## [GOAL OF THE EXERCISE]
Every line below is to be set down again exactly; any image stays out.

## [PROVIDED DATA]
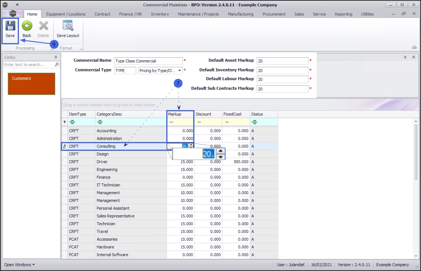- For the purpose of this manual, the Consulting Fee has been adjusted in the Markup column, from 15 percent to 20 percent.
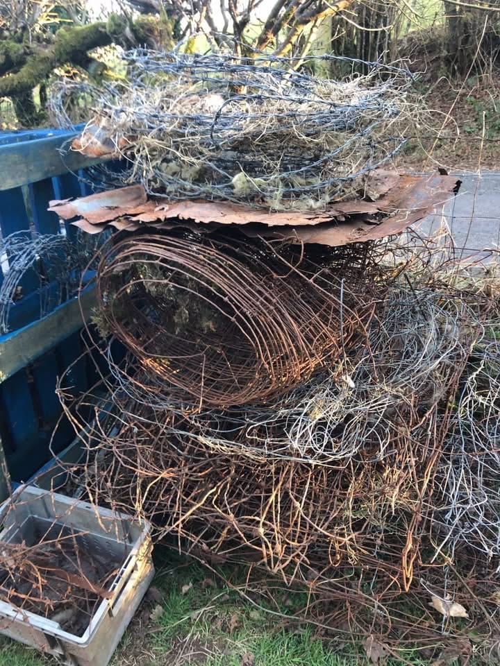 We went on to another satisfying job: pulling out more rusty stock fencing from the old grown out hedge. Layers of abandoned fencing showed the sheep grazing history of the fields. Two of us heaved at posts and barbed wire and rusty fence that over the years had been left and replaced and was now half engulfed by the land. With one of us snipping the posts free and another carefully folding up and stomping down the rusty metal wires into a manageable roll , it was satisfying to lift it up and away, another gentle whisper of a new chapter for the fields here. I imagined that the land softened and sighed with relief but I think it was more the welcome idea of us being able to amble barefoot without coming a cropper.
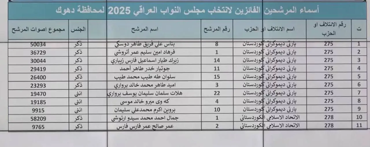 وفي دهوك تصدر جمال أحمد عن الاتحاد الإسلامي الكوردستاني بحصوله على 58 ألف صوت، فيما تصدر الحزب الديمقراطي الكوردستاني المحافظة ليله الاتحاد الإسلامي الكوردستاني ثانياً.
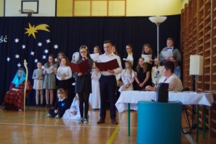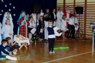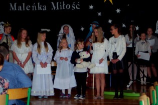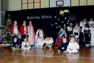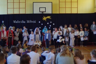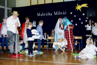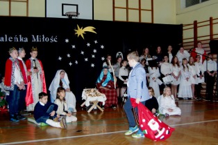 Tego wieczoru, zazwyczaj rozgadani i rozbawieni uczniowie, w ciszy i skupieniu, z anielskimi uśmiechami na buziach, oczekiwali na swój świąteczny występ. Poprzedziło go powitanie gości przez Panią Dyrektor Magdalenę Mikołajczyk słowami: „ Maleńka Miłość niech zrodzi się w każdym z nas, w każdej rodzinie, w naszej szkole. Dziękuję przyjaciołom szkoły, sponsorom, rodzicom za wszelkie dobro”. W klimat zbliżających się świąt wprowadziły słowa ks. Grzegorza Mituły, przypominające historię i rangę opłatka, którym się dzielimy w Wigilię Bożego Narodzenia oraz odczytanie fragmentu z Pisma Świętego. Następnie wszyscy mieli okazję złożyć sobie życzenia, które wypływały z głębi serca. W tle Trzej Mędrcy ze Wschodu przestępowali już niecierpliwie z nogi na nogę, w oczekiwaniu na jasełka sprawdzając, czy aby złoto, kadzidło i mirra nie uległy zniszczeniu.
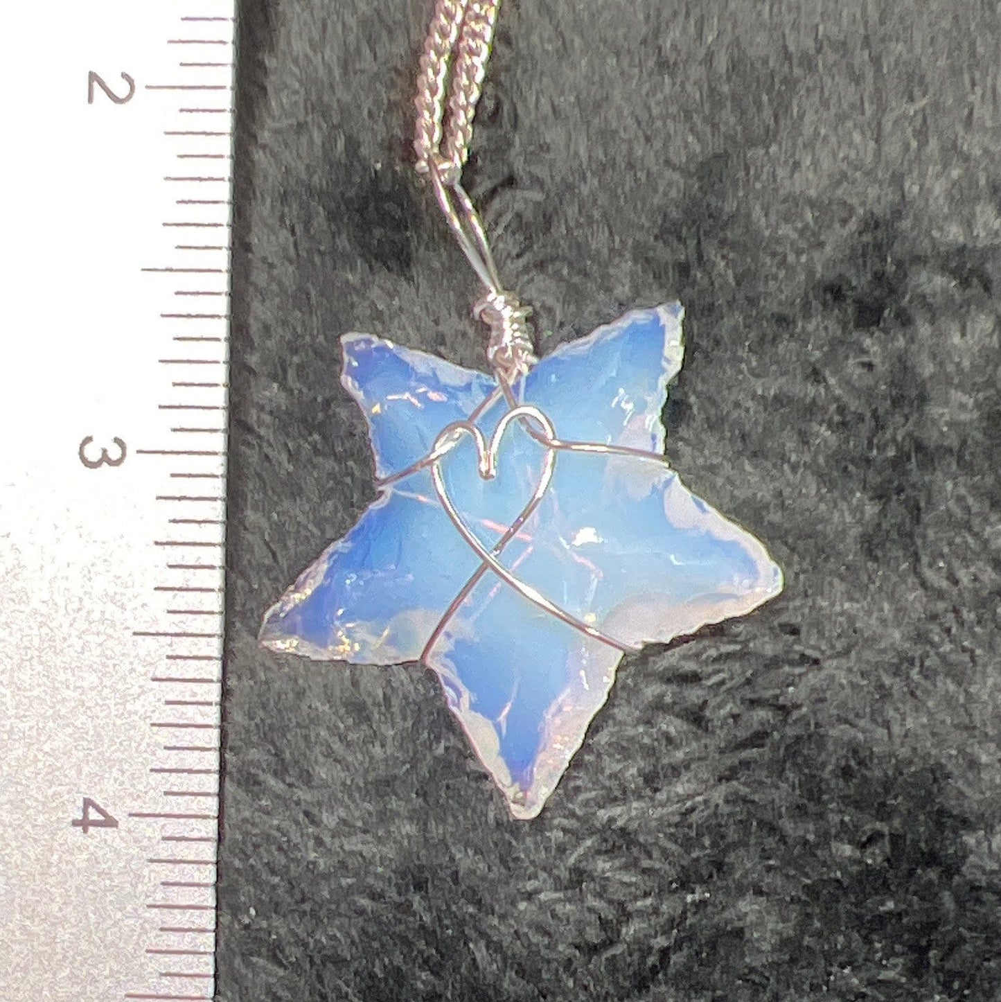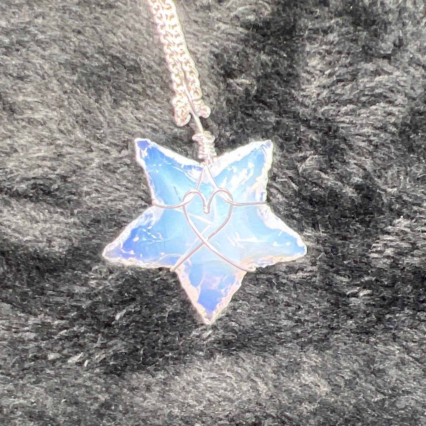 Opalite Wire Star with Heart Wire Wrapped Necklace 1132 Star, Handmade
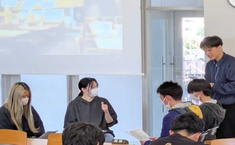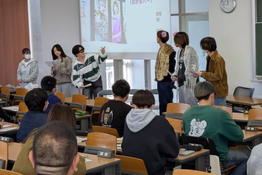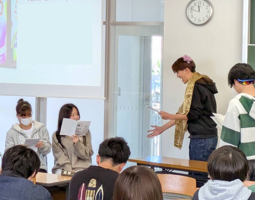 教育学部1年「文章表現」では、担当教員の坂東 実子講師が一風変わった方法で敬語を教えています。学生たちは敬語を座学で学んだ後、知識と敬語の活用を定着させるために、敬語をテーマにした演劇を行います。脚本の条件は、「A4で1枚程度」、「敬語を間違えて使った場面と、それを修正する場面を入れること」、「観客を笑わせること」です。単に正しい敬語の使い方を覚えるだけでは、真に敬語を理解したとは言えません。脚本づくりをグループ内で協同して「ネタ」を作り上げることで、自発的に敬語の使い方が身につき、なぜその場面での言葉づかいが正しくないのかを理解し説明できるようになります。「敬語劇」は2009年から行われており、今年で17年目となります。

## [EXPECTED OUTPUT]
- For the purpose of this manual, the Consulting Fee has been adjusted in the Markup column, from 15 percent to 20 percent.
 We went on to another satisfying job: pulling out more rusty stock fencing from the old grown out hedge. Layers of abandoned fencing showed the sheep grazing history of the fields. Two of us heaved at posts and barbed wire and rusty fence that over the years had been left and replaced and was now half engulfed by the land. With one of us snipping the posts free and another carefully folding up and stomping down the rusty metal wires into a manageable roll , it was satisfying to lift it up and away, another gentle whisper of a new chapter for the fields here. I imagined that the land softened and sighed with relief but I think it was more the welcome idea of us being able to amble barefoot without coming a cropper.
 وفي دهوك تصدر جمال أحمد عن الاتحاد الإسلامي الكوردستاني بحصوله على 58 ألف صوت، فيما تصدر الحزب الديمقراطي الكوردستاني المحافظة ليله الاتحاد الإسلامي الكوردستاني ثانياً.
 Tego wieczoru, zazwyczaj rozgadani i rozbawieni uczniowie, w ciszy i skupieniu, z anielskimi uśmiechami na buziach, oczekiwali na swój świąteczny występ. Poprzedziło go powitanie gości przez Panią Dyrektor Magdalenę Mikołajczyk słowami: „ Maleńka Miłość niech zrodzi się w każdym z nas, w każdej rodzinie, w naszej szkole. Dziękuję przyjaciołom szkoły, sponsorom, rodzicom za wszelkie dobro”. W klimat zbliżających się świąt wprowadziły słowa ks. Grzegorza Mituły, przypominające historię i rangę opłatka, którym się dzielimy w Wigilię Bożego Narodzenia oraz odczytanie fragmentu z Pisma Świętego. Następnie wszyscy mieli okazję złożyć sobie życzenia, które wypływały z głębi serca. W tle Trzej Mędrcy ze Wschodu przestępowali już niecierpliwie z nogi na nogę, w oczekiwaniu na jasełka sprawdzając, czy aby złoto, kadzidło i mirra nie uległy zniszczeniu.
 Opalite Wire Star with Heart Wire Wrapped Necklace 1132 Star, Handmade
 教育学部1年「文章表現」では、担当教員の坂東 実子講師が一風変わった方法で敬語を教えています。学生たちは敬語を座学で学んだ後、知識と敬語の活用を定着させるために、敬語をテーマにした演劇を行います。脚本の条件は、「A4で1枚程度」、「敬語を間違えて使った場面と、それを修正する場面を入れること」、「観客を笑わせること」です。単に正しい敬語の使い方を覚えるだけでは、真に敬語を理解したとは言えません。脚本づくりをグループ内で協同して「ネタ」を作り上げることで、自発的に敬語の使い方が身につき、なぜその場面での言葉づかいが正しくないのかを理解し説明できるようになります。「敬語劇」は2009年から行われており、今年で17年目となります。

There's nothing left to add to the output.